The result should be the listing below restated word for word, with images left out.

---------- EXERCISE DATA ----------

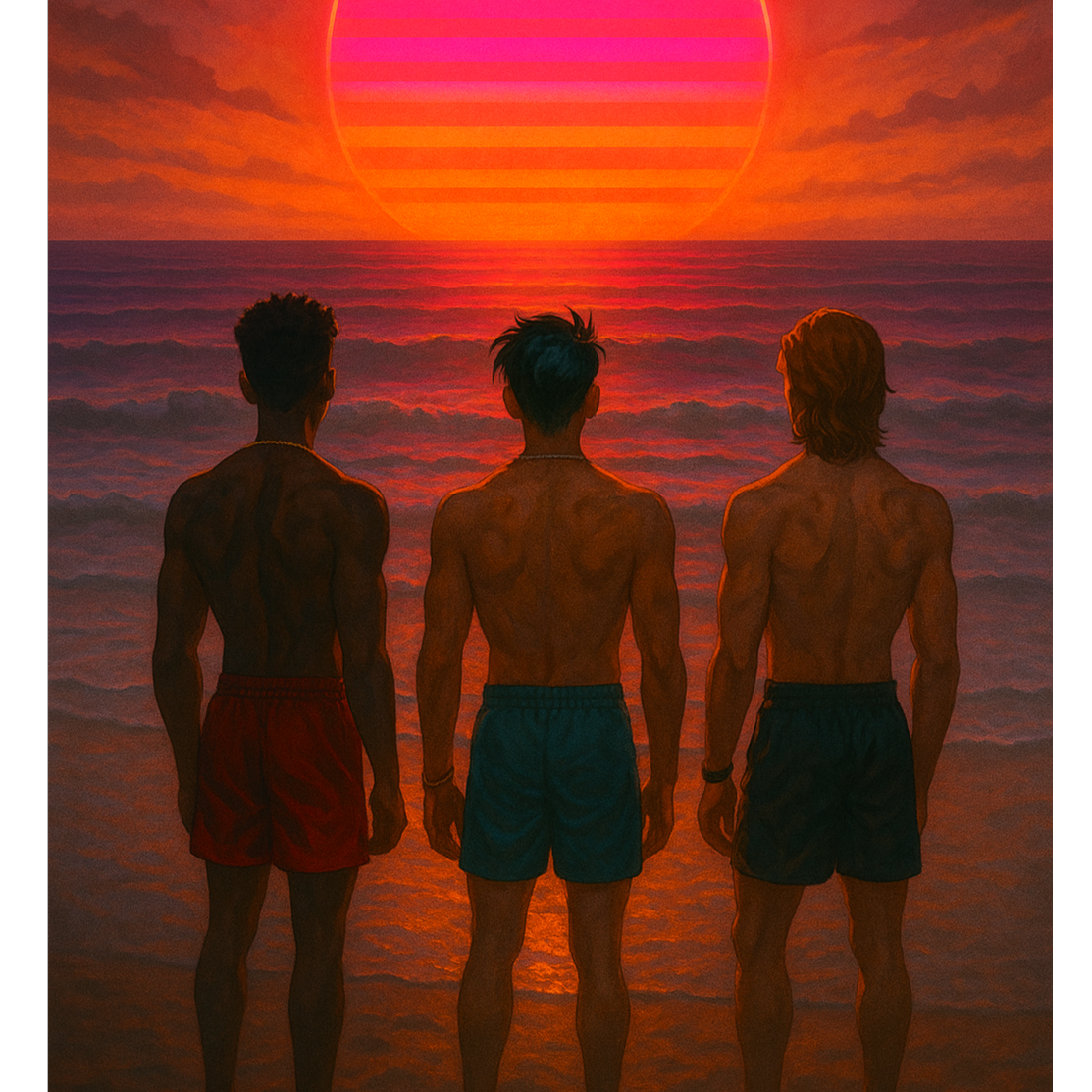 3 Boys, K-Pop Group, Brazilian Reggae, Samba Pop, Synth Phonk, Three Vocalists, Emotional vocals that move from intimate whispers to powerful belts, Layered Vocals, Tone Change, Cinematic, Emotional, Luminous, Summer Anthem, 3 VOCALISTS:
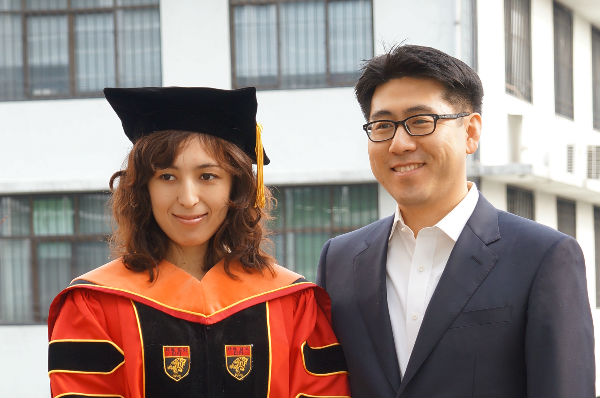 Tuerhong Gulanbaier 박사 과정 졸업 학생과 김성범 교수님. 교수님의 인자한 미소:)
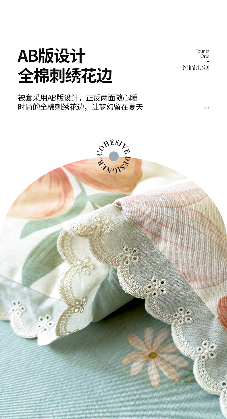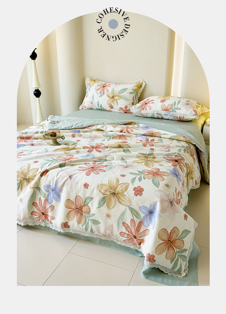 被窝家纺 2025新款全棉花边大豆夏被四件套 云裳花谷

----------

* [SOLUTION FOR THIS EXERCISE]:
 3 Boys, K-Pop Group, Brazilian Reggae, Samba Pop, Synth Phonk, Three Vocalists, Emotional vocals that move from intimate whispers to powerful belts, Layered Vocals, Tone Change, Cinematic, Emotional, Luminous, Summer Anthem, 3 VOCALISTS:
 Tuerhong Gulanbaier 박사 과정 졸업 학생과 김성범 교수님. 교수님의 인자한 미소:)
 被窝家纺 2025新款全棉花边大豆夏被四件套 云裳花谷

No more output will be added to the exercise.